If you remember back in the day, um, the way a developer would talk to a machine learning model was giving labeled data. Here’s an example: True, false. Here’s an example: True, false. Now our communication channel with the model in terms of developing systems is increasing. Our bandwidth is so much higher. Now we can talk to the model in natural language.
The problem with this is this is, uh, not a perfect specification. However, still, the way I can instruct the model carries a lot of power. So when we are building systems with prompting, we can tell the model, instruct the model, that whenever the model is talking about a fact, it should cite the source of that material. This has two particular benefits. One benefit is that this is instructing the model that everything the model says should be coming from a source and the links should be there. Of course, I’m not claiming that we are doing this perfectly, but it’s a step in that direction. But second, and even the more important reason is, we are giving people accountability to check. As I said, none of the systems we are trying to build are there to automate the role of the human being.
It is all about complementarity and augmentation and enablement. So when we are building a system, giving results to the human, the goal is always having the human in the driver’s seat, having the human control what is being generated, and by providing sources in the results, that is one way we can enable the user, because then the user can go to these links and check.
These are just some of the things that we are currently inventing as, you know, short-term ideas to mitigate these problems as much as possible. But also we have to think about long-term solutions that can really make these problems go away. We are not there yet, but as a researcher, I’m very excited about the potential.
Llorens: I’d love to just drill into this notion of specification for a moment. You mentioned the complementarity, you mentioned the intent to have these systems amplify human agency, and with that stewardship of the system comes the expression of intent. And you know, you mentioned maybe even in the era before machine learning, the way to express intent was through a very explicitly written program and, you know, kind of machine learning for more narrow systems, it’s identifying labels for data. And now we have natural language as a means of specification, and you called it an imperfect means of specification.

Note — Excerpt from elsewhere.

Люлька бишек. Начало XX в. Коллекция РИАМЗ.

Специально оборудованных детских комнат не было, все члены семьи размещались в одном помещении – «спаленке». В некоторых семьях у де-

So can you just maybe take us a little deeper into that thought?
Kamar: Yeah. So we have been talking about what we are seeing in the latest models in GPT-4 as a phase transition. We haven’t arrived at the best possible model, and we haven’t arrived at the best possible way to communicate with that model. We are at this very specific point in our history where we are saying, “OK, our models are getting really capable and that communication channel has opened up.
Now I can talk to it in natural language.” I personally don’t think that this very noisy way of just communicating things in natural language as a way of prompts is the final product of how we are going to be talking to our AI systems. However, it is a way, and with iteration, we can become more precise. So let me tell you this.

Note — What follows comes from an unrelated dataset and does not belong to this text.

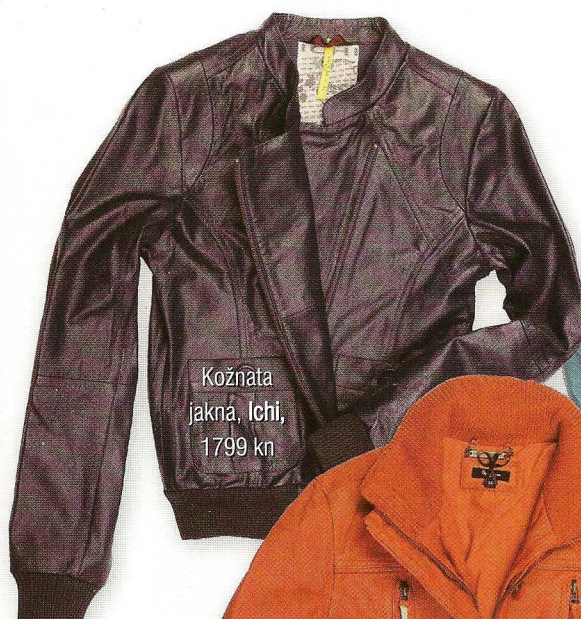
Kožnata jakna, Ichi, 1799 kn

Let’s say I want this AI system to write me an email to you. The simple prompt could be, “Write me an email to Ashley, and it should talk about this and this.” I can see the result. Immediately, I can see what I don’t like about it. Imagine I could say more specification, right, I can say, “Oh, don’t mention this; include this, as well. The tone should be this way and not that way.”
These are all additional specifications I may not think about when I’m just prompting the model, but over time, I may get better and better in terms of really specifying my preferences, my intent. So right now, we’re in this very noisy process of almost like trial and error. We are trying something, looking at the result; if we don’t like it, we come up with a correction. I think over time we can really compile these experiences—how people are specifying things into these models—and that can pave the way for much better communication methods. Again, we don’t have the answers yet, but I’m also, I’m also not thinking that these prompts are the best way to interact.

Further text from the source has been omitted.